Псков - это разбредшийся город. Поэту остается, так сказать, составить опись псковским явлениям, и он впрямь составляет реестр, и этот список - почти исчерпывающий портрет когда-то великого города, замечательного ныне лишь прошлым, да мало-мало недавним прошлым: какими путями занесло туда монохромную вещицу Марка Шагала 10-х годов «Купание ребенка», которая висит среди очаровательных картин Бориса Григорьева, Сергея Чехонина, Валентина Серова и которую всем посетителям почему-то хочется взять с собой - так неприютно и сиро она болтается на двух верёвочках при одной сиделке этого зала-музея. Энергическая, как всегда, цезурированная манера повествования поэта допускает широкое использование «скрытых» рифм, как в «Загадке ангелу»:
Мир одеял разрушен с н о м.
Но в ч ь ё м-то напряжённом взоре
маячит в сумраке н о ч н о м
о к н о м разрезанное море.
Два глаза и с т о ч а ю т крик.
Лишь веки, и з д а в а я шорох,
во мраке з а щ и щ а ю т их
собою наподобье створок.
«Скрытые» рифмы придают дополнительный импульс именно повествовательному элементу поэзии Бродского, не плану выражения, но плану изображения, будь то идущая сквозь строфу неназойливая рифма сном-чьём-ночном-окном, или совершенно преднамеренное неказистое источают-издавая-защищают с его эслакацией шипящих.

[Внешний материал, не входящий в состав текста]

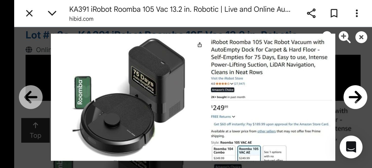 iRobot Roomba 105 Vac 13.2 in. Robotic Vacuum with Smart Navigation Path + AutoEmpty Dock in Black.
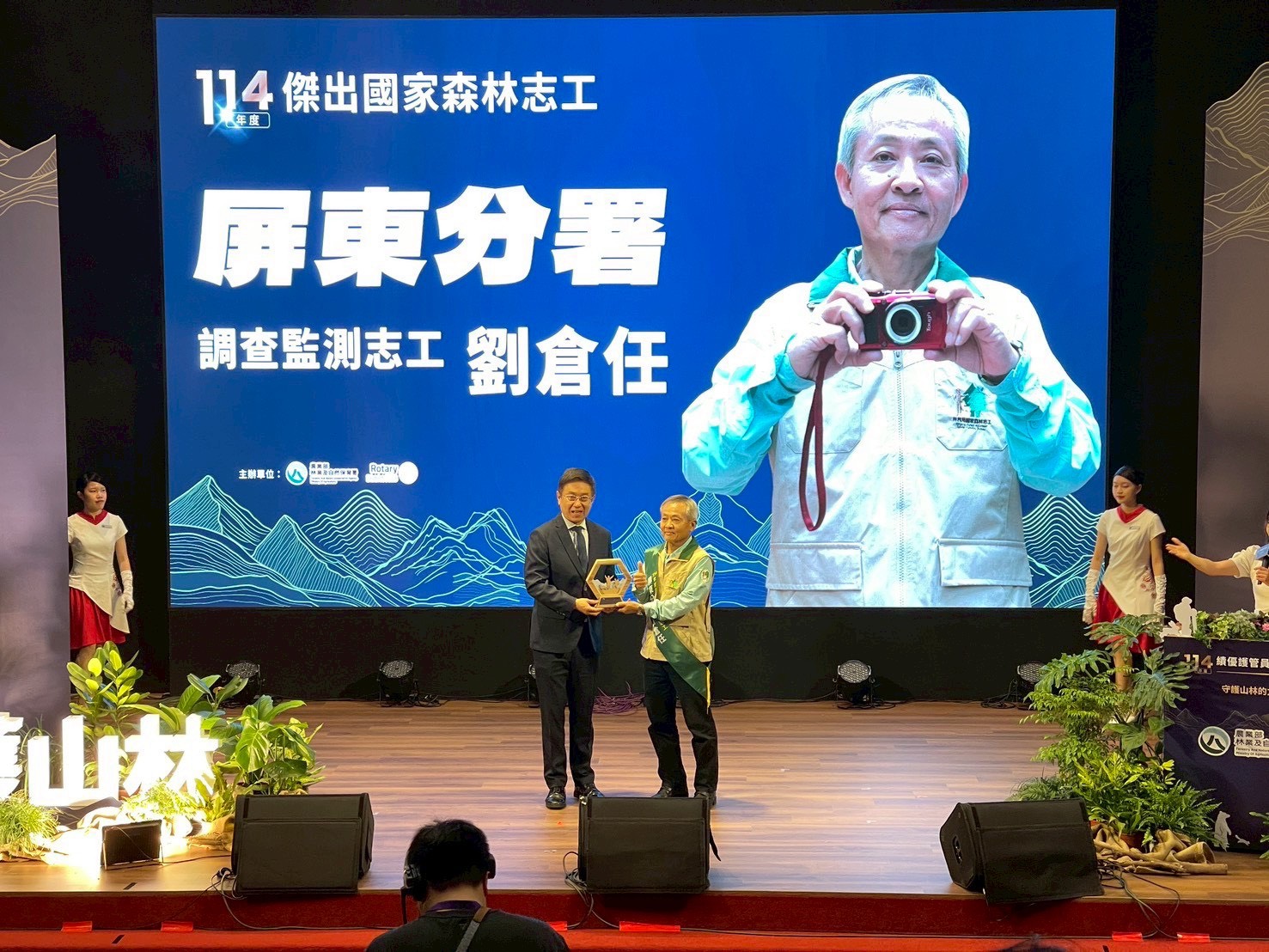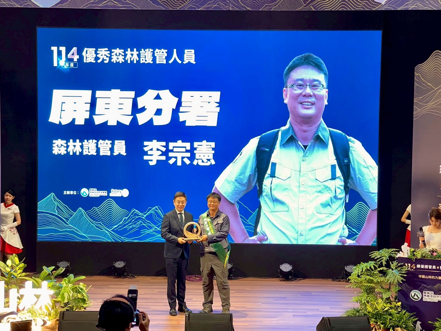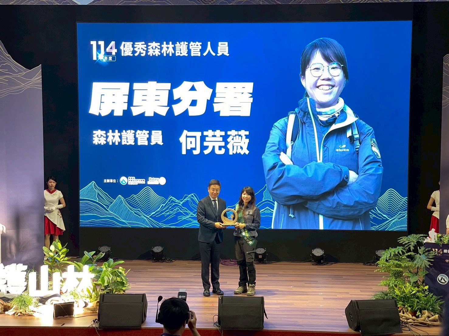 林業及自然保育署昨(20)日舉行年度表揚活動,表彰守護山林的第一線人員。屏東分署今年共有3人獲獎,包括森林護管員何芫薇、李宗憲及國家森林監測志工劉倉任,分別在巡護管理、防火救災與生態監測等領域展現卓越表現,成為守護臺灣森林的重要典範。
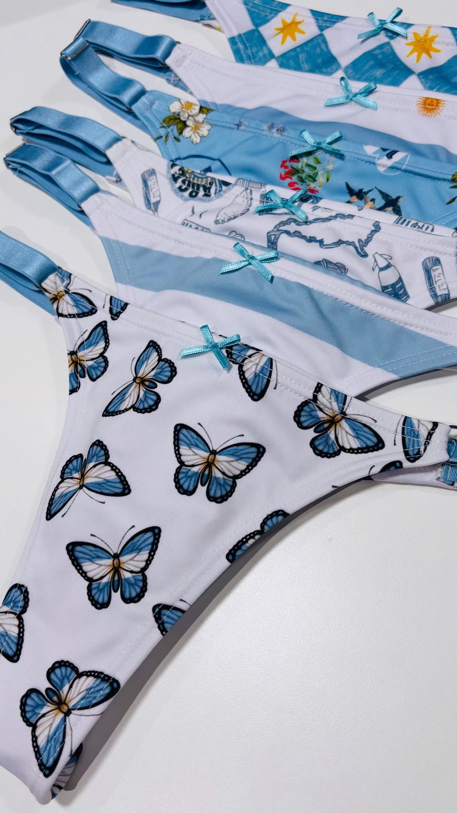 Bombachas diseñadas para enamorar: estampas en celeste y blanco, detalles delicados y un calce cómodo que tus clientas van a elegir todos los días. Una línea que combina tendencia, identidad y alta rotación en el punto de venta.
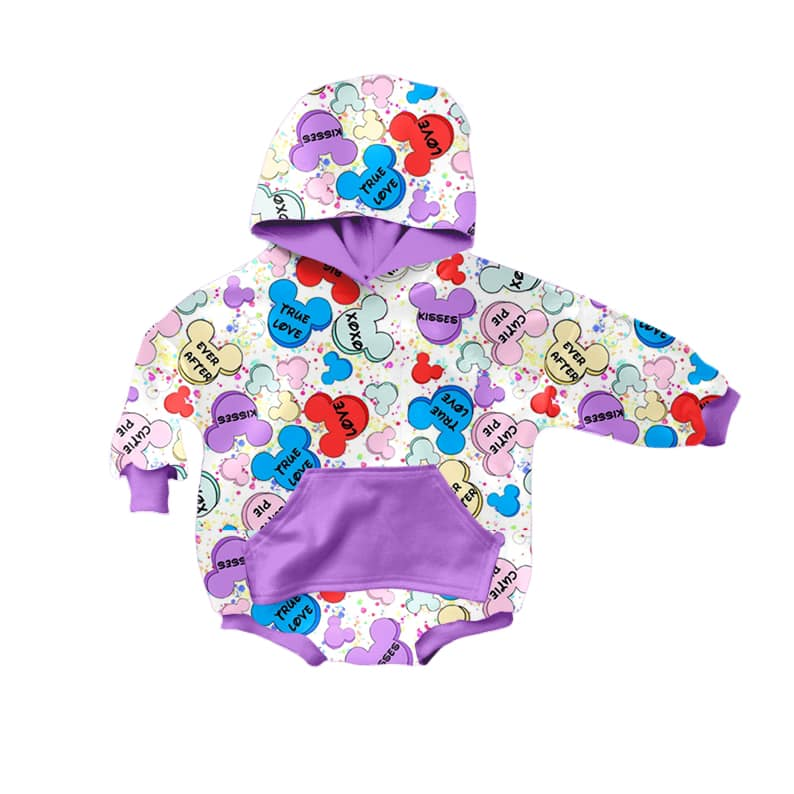 (Custom Design MOQ 5) Colorful mouse print baby girls hoodie romper
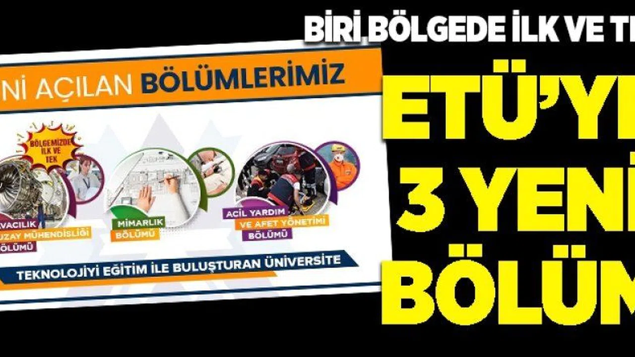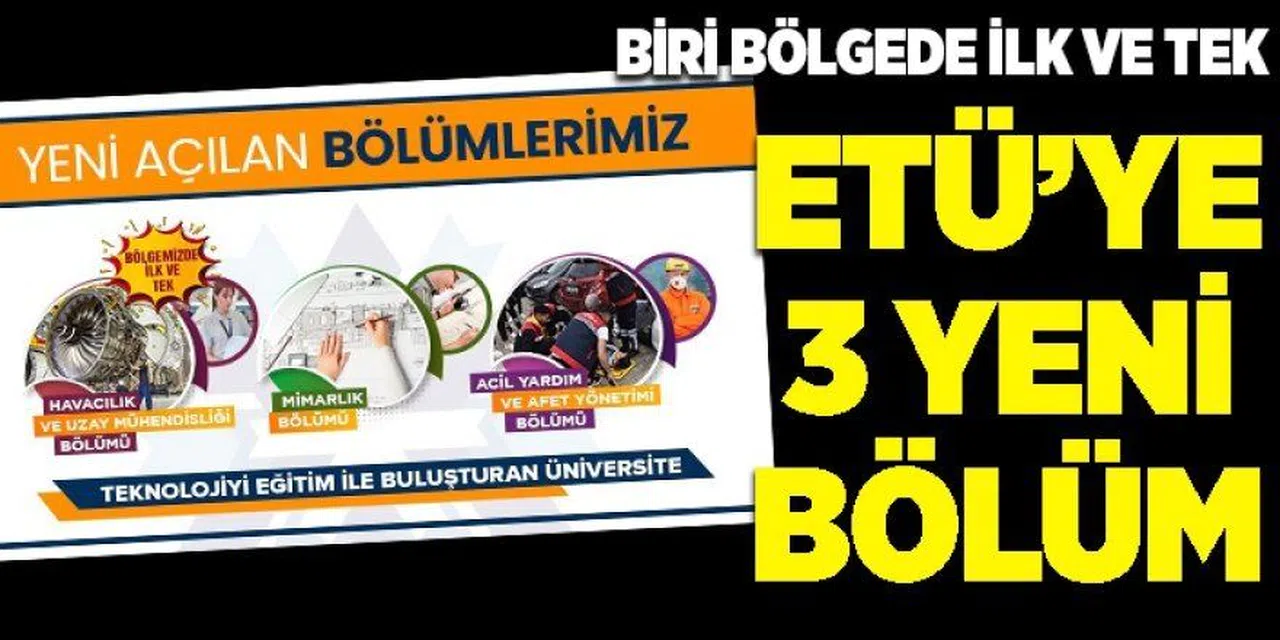 ETÜ'nun Mühendislik ve Mimarlık Fakültesi bünyesinde, Havacılık ve Uzay Mühendisliği Bölümü ve Mimarlık Bölümü; Sağlık Bilimleri Fakültesi bünyesinde ise, Acil Yardım ve Afet Yönetimi Bölümü ilk öğrencileriyle buluşacak.

В книге почти равномерно представлен творческий путь Бродского, и, переворачивая страницы, мы видим, что поэт не отказывается от основ своей поэтики, сохраняя свои давние находки и придавая им новую крепость. Так, характерен его излюбленный приём - начинать стихотворение местоимением, категоризмом, обращением по имени или императивом: «Ты забыла деревню, затерянную в болотах...», «Ты, гитарообразная вещь со спутанной паутиной...», «Ниоткуда с любовью, надцатого мартобря...», «Мари, шотландцы все-таки скоты...», «Повернись ко мне в профиль. В профиль черты лица...» Образ героини этой книги - это образ всей запечатлённой для читателя жизни Бродского. И в том, что он всегда лицом к ней, видимо, и состоит непростой секрет неувядаемого мастерства поэта и вечно нового его жизнечувствия.